**EXERCISE:** Since the records include pictures, leave those out while you reproduce exactly and only the lines from the one containing "Kabelka má praktické" through the one containing "Leckeres und saftiges", inclusive.

**GIVEN RECORDS:**
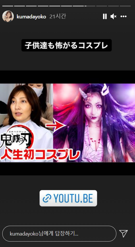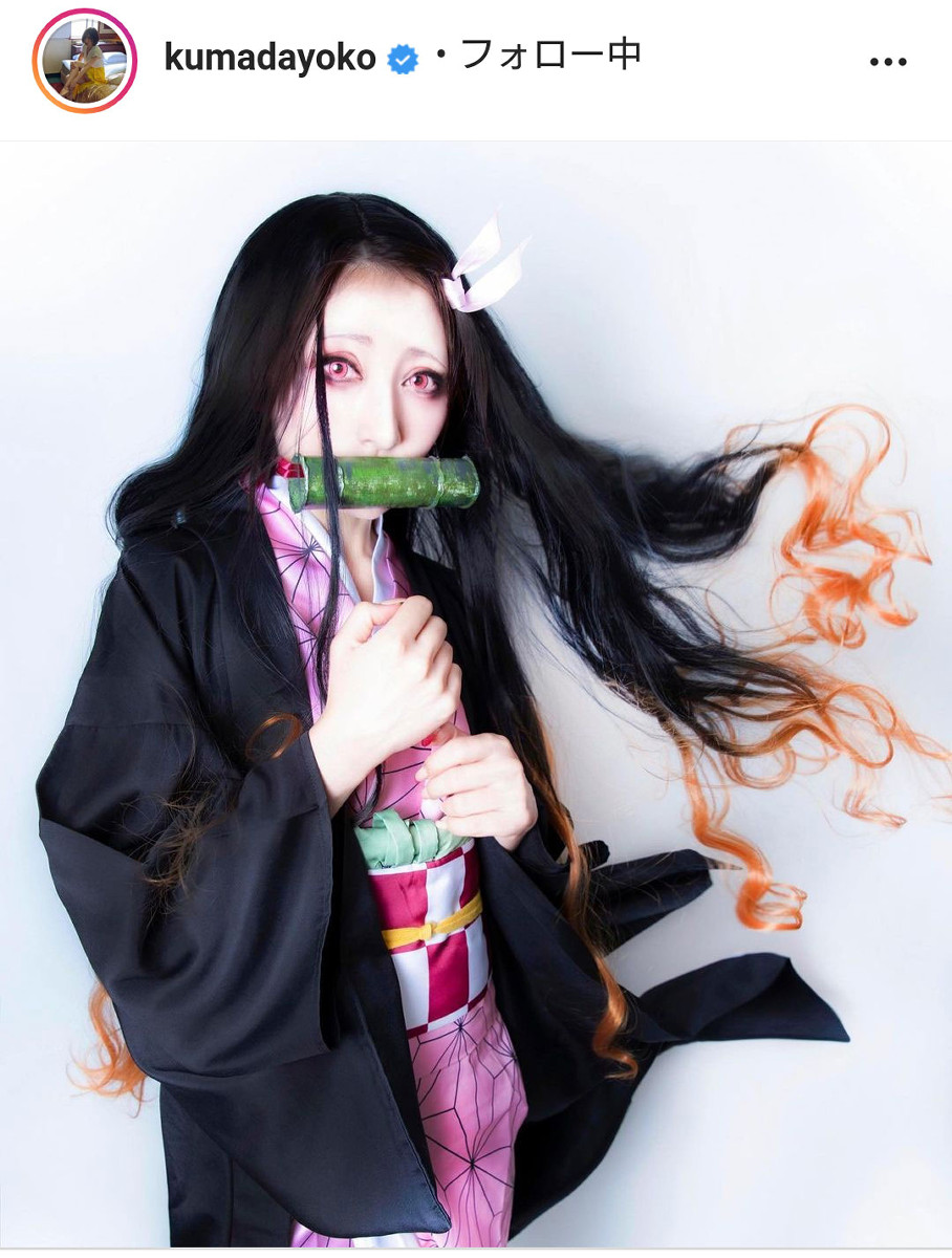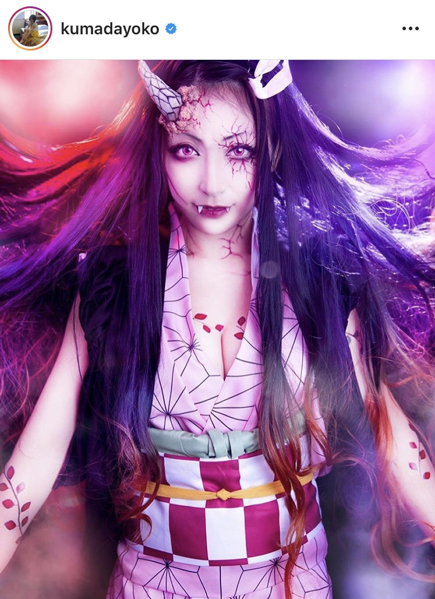 熊田さんは「今年のハロウィンの衣装決まった? 38歳コスプレしまくり」と綴り、「子供達も怖がるコスプレ」と特殊メイクで人気漫画・毀滅刃の禰豆子に変身した姿を披露したのでした。
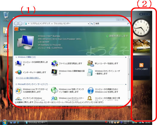 図上(2):Windowsサイドバー、ガジェット
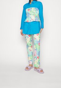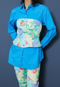 Chemise boutonnée bleue avec un corset à motif floral superposé, associée à un pantalon pastel à motifs et des sandales à enfiler de couleur violet clair.
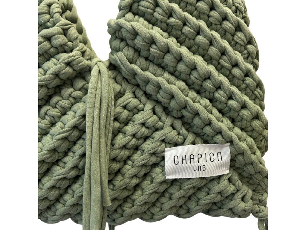 Kabelka má praktické ucho, ktoré je tiež ručne háčkované z rovnakej bavlnenej tričkoviny, takže pôsobí kompaktným a harmonickým dojmom. Je ideálnym doplnkom na bežné nosenie, letné dni, mestské prechádzky alebo ako výrazný detail k jednoduchému outfitu.
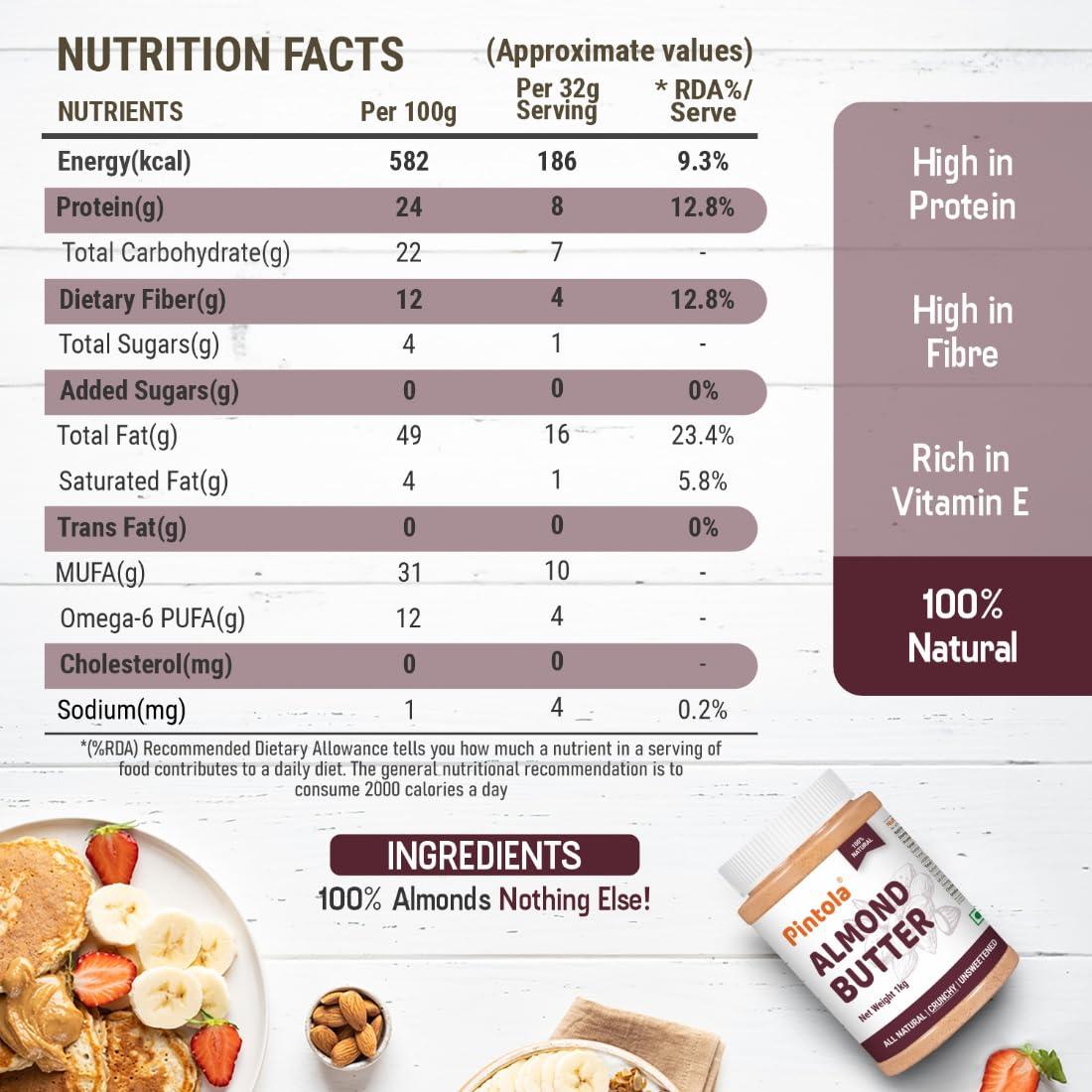 NATURALLY CREAMY PERFECTION: Indulge in Pintola Almond Butter Creamy, an all-natural, unsalted delight with a satisfying creaminess. Elevate your bread spreads with this irresistible, wholesome treat.
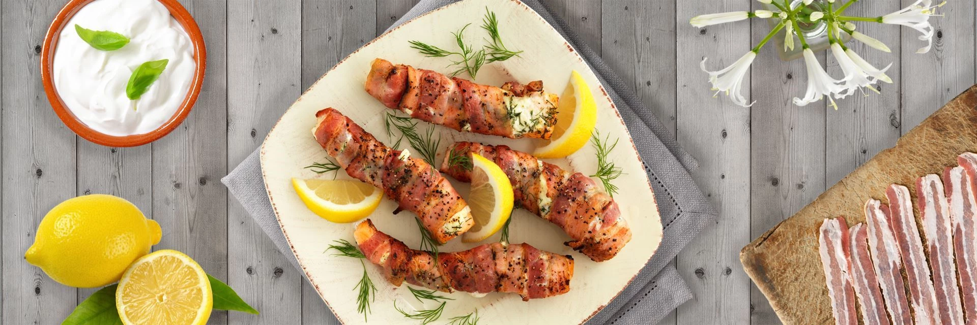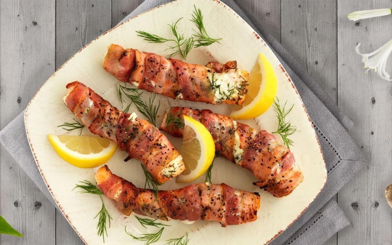 Leckeres und saftiges Lachsfilet in dicken Streifen, gewürzt mit Frischkäse, Dill und geriebener Zitronenschale. Dann werden sie mit Bacon-Scheiben umwickelt und im Ofen gebacken.
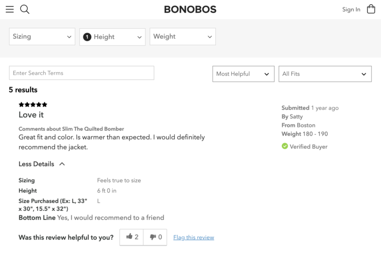 Reviews are not one size fits all. Your shoppers care most about the reviews that come from shoppers like them, who share their style, use case, and unique situation. That’s why it’s important to give shoppers the ability to filter for reviews from people like themselves. When demographic filters are available, 47% of consumers will use them to seek out information most directly relevant to them.
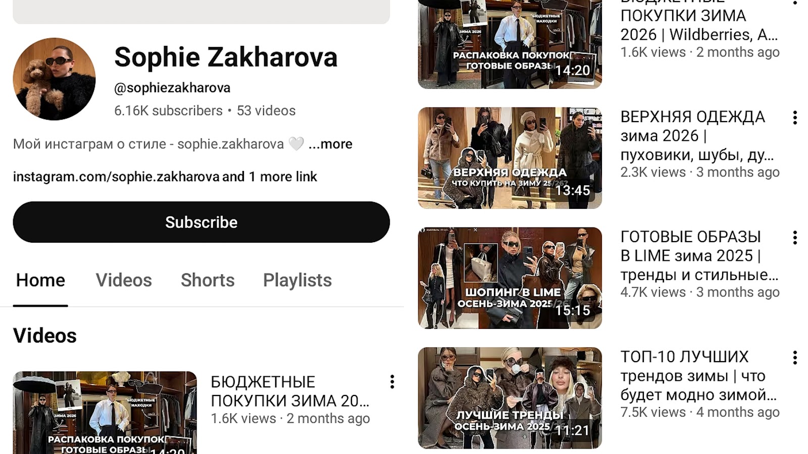 Здесь размещено 53 видео, посвященных советам по бюджетным покупкам. Девушка регулярно транслирует свой шоппинг, делится стильными находками.
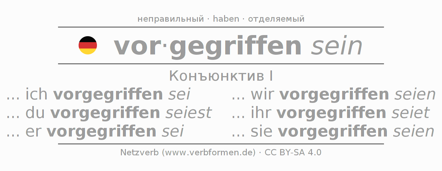 Этот глагол vorgreifen полностью спрягается во всех лицах и числах Koнъюнктив Презенс.
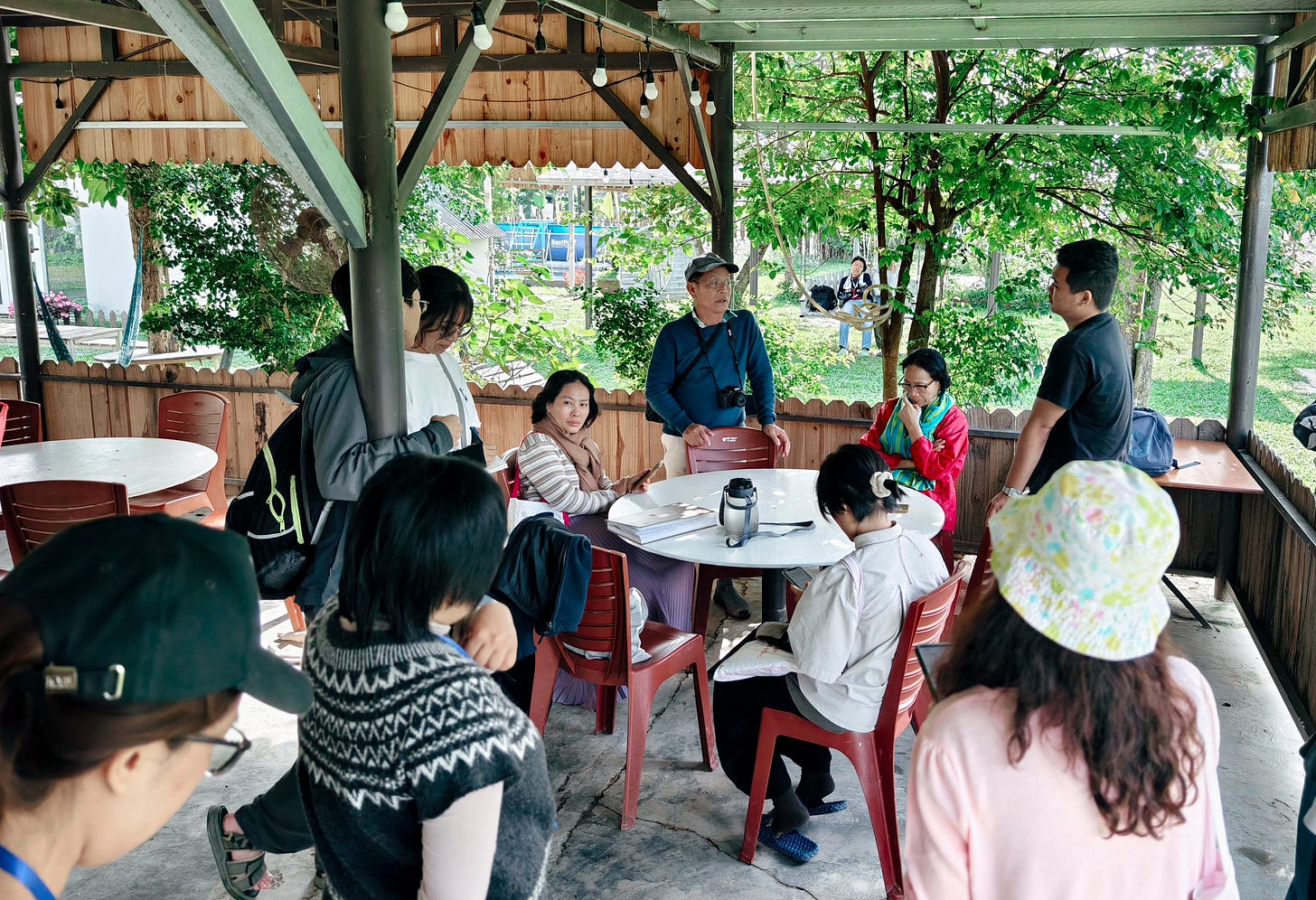 Sự đối lập này không chỉ hiện hữu trong cảnh quan, mà còn in hằn trong cuộc sống của người dân – khi một bên là công việc mưu sinh trong xí nghiệp, bên kia là trách nhiệm bảo tồn thiên nhiên. Nhưng thầy Trinh luôn nhắc chúng tôi rằng, trong mọi thách thức, luôn có những điểm sáng. Dù có thể tồn tại sự mâu thuẫn giữa hai công việc, nhưng điều tốt là người dân vẫn duy trì được sự ổn định về kinh tế. Điều này giúp việc bảo tồn không trở thành một gánh nặng, mà thay vào đó, nó có thể phát triển song song với cuộc sống của họ và khu sinh thái nhỏ Bàu Cá Cái cũng được tái sinh từ đó. Đây cũng chính là cốt lõi của phương pháp phát triển cộng đồng dựa trên tài sản sẵn có (ABCD – Assets-Based Community Development): không chỉ nhìn vào những vấn đề, mà còn tìm ra giá trị tích cực để từ đó xây dựng giải pháp bền vững.

**YOUR SOLUTION:**
 Kabelka má praktické ucho, ktoré je tiež ručne háčkované z rovnakej bavlnenej tričkoviny, takže pôsobí kompaktným a harmonickým dojmom. Je ideálnym doplnkom na bežné nosenie, letné dni, mestské prechádzky alebo ako výrazný detail k jednoduchému outfitu.
 NATURALLY CREAMY PERFECTION: Indulge in Pintola Almond Butter Creamy, an all-natural, unsalted delight with a satisfying creaminess. Elevate your bread spreads with this irresistible, wholesome treat.
 Leckeres und saftiges Lachsfilet in dicken Streifen, gewürzt mit Frischkäse, Dill und geriebener Zitronenschale. Dann werden sie mit Bacon-Scheiben umwickelt und im Ofen gebacken.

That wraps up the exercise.